三分間踞りて歩き得ると言へ半年前のごとくにはあらず
腫瘍影小さくなりしは現実にてクールの後も続くるべきか


  さいたま 倉林 美千子

去にし世のたれか並べし石走(いはばし)を渡らむよ溝蕎麦の花も濡れゐる
すがれゆく畑と言へど盗みしは君ぞわが手に稲淵の茄子


  東 京 實藤 恒子

クレーターあまたある月より見る地球まこと美しき地球といはむ
のぼり来る青き地球は鮮やかに相争ふは見ゆべくもなく


(以下 HP指導の編集委員・インストラクター・アドバイザー)

  四日市 大井 力

ふるさとに伝はる巨大炭化籾丈三糎は古代の突然変異か
落花生の倍の籾粒炭化して虫穴二つまざまざとあく


  小 山 星野 清

断りて受話器置きたるわが声のいたく刺あるさまにおどろく
交換せむ臓器のためにクローンの人間を飼ふか小説なれど


  札 幌 内田 弘

セギノールの一打に総立ちの札幌ドーム吾もスタンドに響(とよ)みゆきたし
夕光の及びて路地の吾が影を跨ぎて人等絶えまなく行く


  取 手 小口 勝次

吾が探す二人の歌碑は寺の奥潜まる池のほとりに見付く
文明と茂吉の二首は一つ石の左下右上に彫られて珍し


先人の歌


『続青南集』土屋文明  「やまとの国」 大和恋




 2008年1月20日、「新アララギ」新年会の懇親会で、「大和恋」の話がでた。
「大和恋」は土屋先生のこの「やまとの国」一連の中の小題であるが、小谷稔の第三歌集名として用いられ、倉林は第三歌集「風待つ翼」の小題として採りいれた。万葉集の故里大和は私たちの永遠の故里でもある。

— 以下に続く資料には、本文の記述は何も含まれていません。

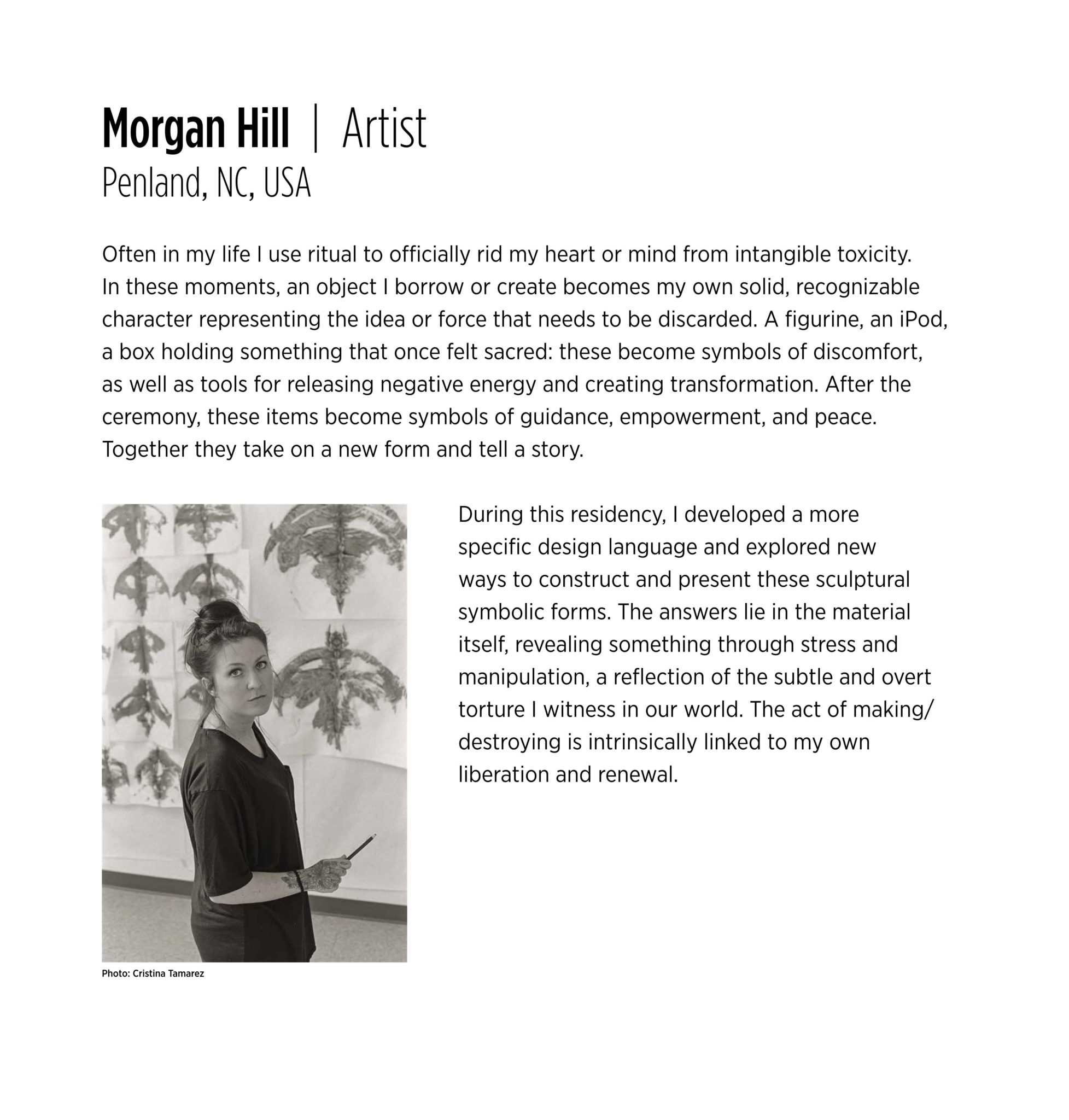 The support of the Center has enabled Morgan Hill to fully explore her practice with the provision of tools and space. The social aspect of the residency, the opportunity to discuss the ongoing work, is an important waylay in her process. The Studio Open Day provided a structured opportunity to gain insight into the voice of her work in the public perception.

立ちかへり立ちかへりつつ恋ふれども見はてぬ大和大和しこほし
古へを時に貴み時に貶しこの国山川にかかづらひ来し
山も川もうつるといへど言葉あり千年を結ぶ言葉をぞ思ふ
この国をしのび寄り来て共に歩み過ぎにし人らよ老いし我等よ
上村君老いていよいよ頑固なれど君ありて我が見得し大和ぞ



 「上村君」はアララギ歌人上村孫作、大和の資産家で土屋文明の万葉紀行を大いに助けた。同じ大和の小谷稔もこの人に親しんだ筈である。文明は没年の平成2年9月号のアララギ誌上、上村孫作遺歌集を手に「相共に九十年をめざしつつ早くも君はたふれ給ふか」を、最後の一首とし12月8日に亡くなった。